There were over 90,000 abortions performed in Canada in 2017. That was also the seventh year Catholic pro-life activist Mary Wagner spent time in jail for trying to do something about Canada’s abortion crisis.

“There is such pain in our country and our culture and in our churches, which is maybe part of the reason we don’t hear this topic discussed much, because it is so painful and there is so much there that we don’t know how to bring it up,” Wagner told a crowd at St. Luke’s Parish in Maple Ridge Nov. 8.

Wagner said whenever she is arrested, “there is an element of protest, but it is very implicit. It is really a desire to meet Jesus in that mother and child and stay with him.”

Wagner has earned an international reputation for her activism. In 2012, she received a Queen’s Diamond Jubilee medal from the Governor-General. The award was given to Canadians who had made significant contributions or achievements. 

Former Saskatchewan MP Maurice Vellacott, who nominated Wagner for the award, said at the time, “Like Martin Luther King and other human rights reformers, Mary is using civil disobedience to further a just cause.”

The B.C. native also has support from pro-lifers across Canada and from as far away as Poland.

At St. Luke’s, Wagner candidly spoke of the wins and losses she has experienced, including the babies she has been involved with saving. It was about 20 years ago that her calling became clear to her after meeting a pregnant teenager on the steps of Holy Rosary Cathedral in Vancouver.

“It was just after I had spiritual direction and was invited to put it all in God’s hands,” she told the audience.

While speaking with the girl, Wagner learned she was schedule to have an abortion the next day at the urging of her mother.

“Her mother had said to her, ‘Do this because it was the best thing that I did when I was in that situation.’”

Wagner was unable to remain with the girl, whom she encounter a couple of weeks later. “[She was] looking very sick. When I approached her, she just said, ‘The baby is gone and I don’t want to talk to you.’”

Wagner had a very different experience in 2016 while speaking with a woman she and a friend met outside a Brampton, Ont., abortion clinic.

“When I met her, she continued to go to the door and press the buzzer [of the abortion clinic].” A staff member answered and said the clinic was closed but offered to schedule an appointment.

“As she was booking the appointment, giving her name and phone number, I was speaking to her quietly and showing pictures of the baby developing in the womb,” Wagner said.

“She didn’t make eye contact with me. She finished and I walked out with her, asking her what she was going to do now, and did she know there was support.”

The woman looked at her and Wagner’s friend, and then “fell into her arms and said ‘I am keeping the baby. That’s it.’”

They took the woman to a class she needed to attend, then called the Sisters of Life, who met the mother-to-be after school and took her to a doctor’s appointment.

“Every step of the way, there was that presence there, that accompaniment,” said Wagner. “Her baby boy was born on the Feast of the Lady of Mount Carmel.”

Wagner speaking at St. Luke’s.

Wagner has found support along her journey inside and outside of jail. 

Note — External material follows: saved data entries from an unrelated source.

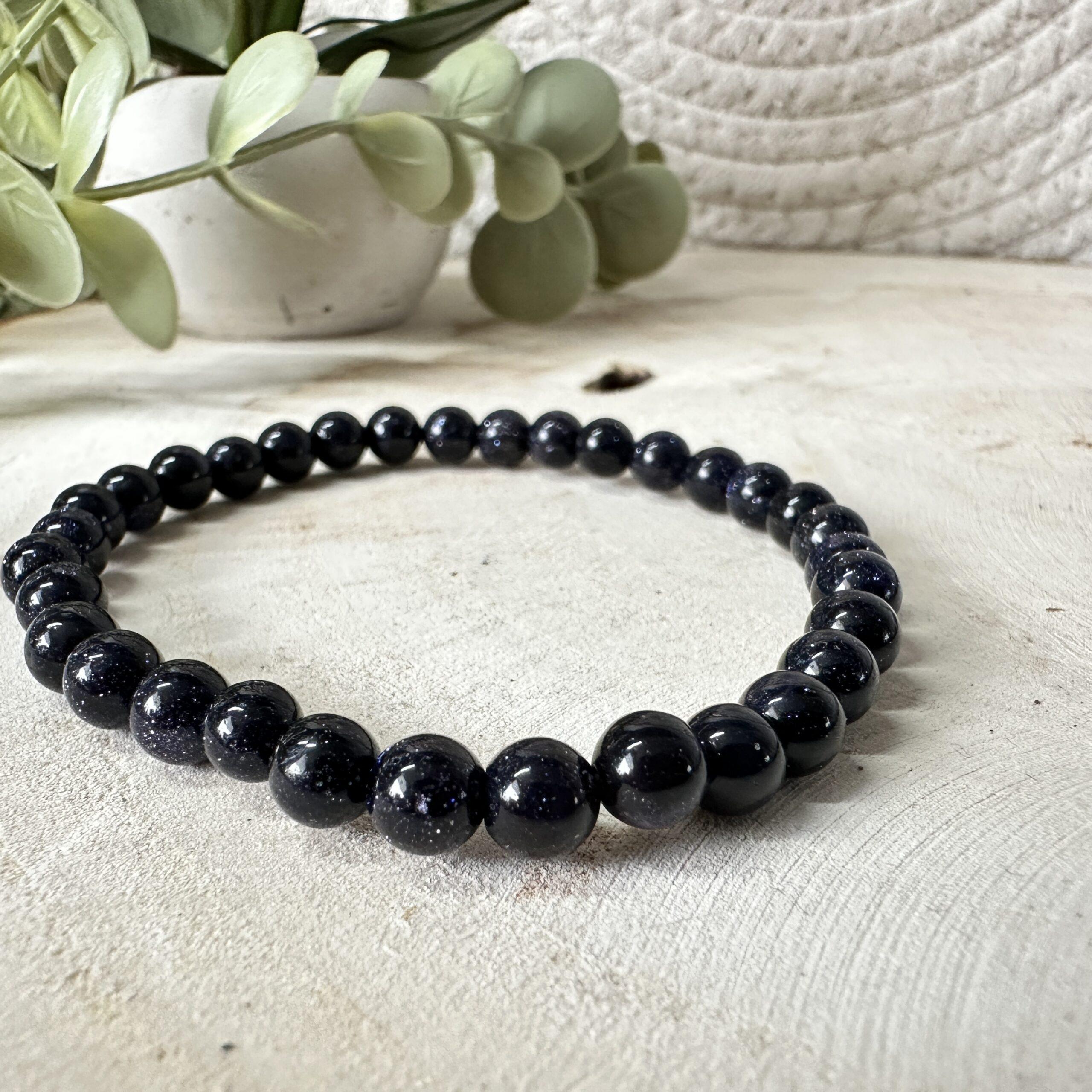 Laat je betoveren door de diepe nachtblauwe glans van deze Blauwe Goudsteen kralenarmband van 6 millimeter.
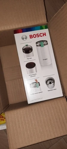 Доставка - 3 дня в почтовое отделение. Коробка помята, но не похоже, что в дороге - видимо, такую отправили. Внутри всё целое. Кофемолка работает.
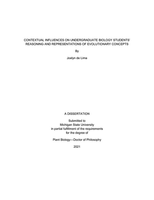 Context is the background or the settings of an event or idea. It is only when events or ideas are considered within the context in which they occur that they can be fully understood. In education, the application of knowledge communicated in one context to a different one is a central feature of learning. However, knowledge transfer can be affected by multiple factors including contexts used. Context plays a vital role in both shaping students’ learning and in eliciting their knowledge. Therefore, understanding how context can help or hinder learning and how context impacts knowledge assessment is important for improving science learning outcomes.For my dissertation, I studied contextual influences on the ways students reason and represent their knowledge. My studies explored two types of contexts: surface features of prompts provided to students (e.g., organism used) and the mode of response requested (e.g., written narratives vs constructed models). I analysed the effect of prompt surface features on the content of students’ written responses and on the architecture of models they constructed to explain evolution by natural selection. I also analysed the effect of mode on the content and level of scientific plausibility of students’ responses. In addition, I explored the association between instruction and prior achievement and susceptibility to contextual influences.My results indicate that prompt contextual features and mode of response are eliciting differences in the content of students’ representations. Contextual susceptibility decreased with instruction and higher prior academic achievement. This could indicate that they are novice learners and have a fragile understanding of either the subject matter (evolution), the alternative representation that was required (constructing models), or of both the subject matter and the representation. Incorporating multiple contexts and modes of assessment has potential to generate a more holistic view of students’ understanding and may promote greater transfer by requiring students to think and reason across contexts.

“There was one officer who expressed to me that she supported what I was trying to do.” Another time, during a court appearance, she received a sticky note through her court-appointed counsel.

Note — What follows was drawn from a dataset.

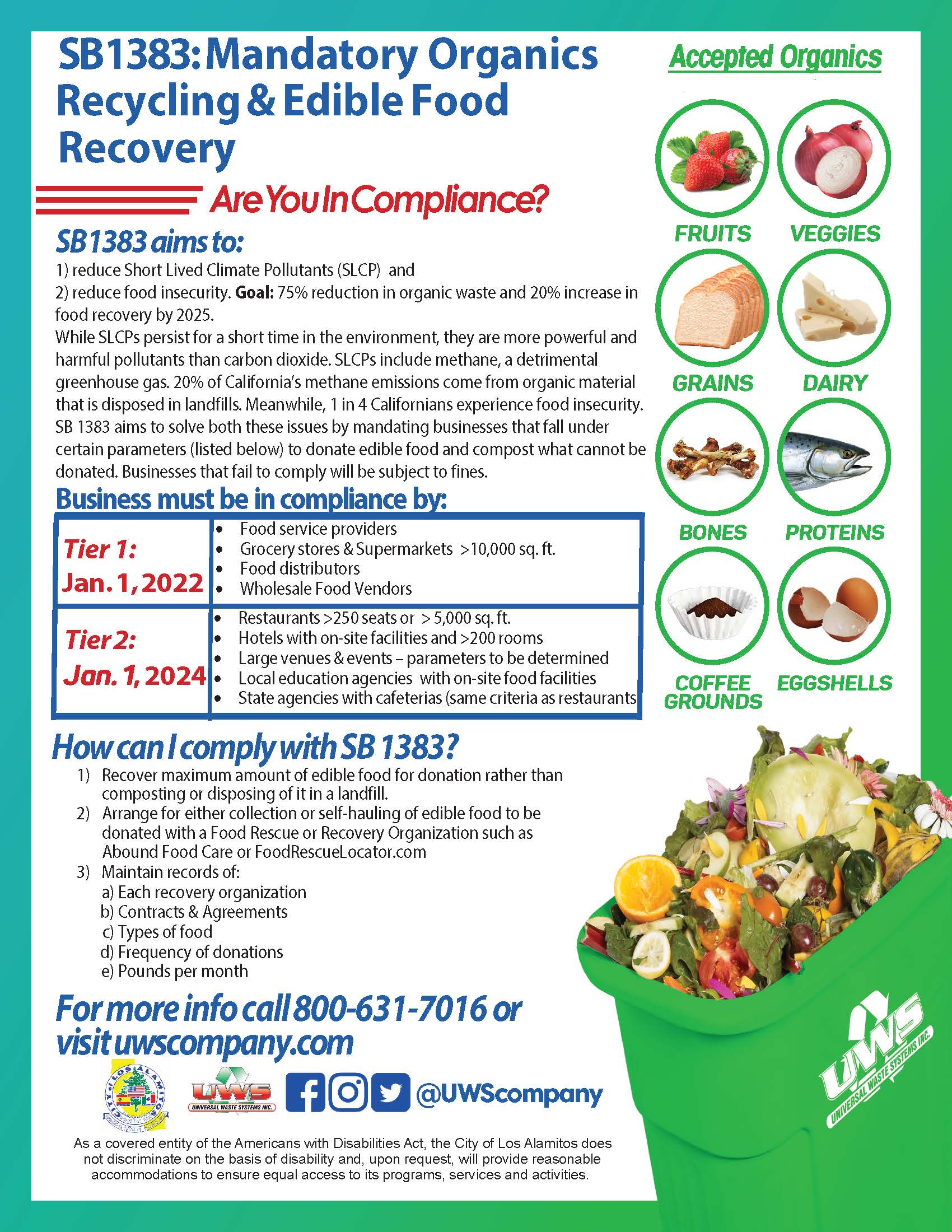 To learn more about the State of California mandates pertaining to organics recycling and how it affects residents and businesses of Los Alamitos click here.

“Written on it was ‘You’re doing God’s work.’” It was from the court clerk.

Even some of the police officers called out to remove her from abortion premises are reluctant, Wagner said.

She said the first time she was arrested in Toronto, the arresting officers were Catholic. “They did not want to arrest me, so they tried everything to take me away. They drove me across town to a Catholic church and dropped me off.” Wagner called a friend, who picked her up and took her back to the clinic.

“The reality is that there is going to be a confrontation. That is just part of normal Christian life. It may not be as dramatic for a lot of people. Maybe in your job or your family. There will be confrontation.”

She told the audience the Church’s response to post-abortive parents needs to be one of compassion. “It’s seeking their healing. It’s not one of seeking justice or punishment.”

Wagner is hoping she’ll be able to spend her second Christmas outside of jail in eight years, but she knows she will again answer God’s call.

“Anyone can be pro-life. That means anyone can have a desire to see justice done for the little ones or justice for anyone. But if we are Catholic or if we are Christian, we know that we have this great treasure. This treasure takes us beyond the thirst for justice,” she said. “We are called to give and not to count the cost.”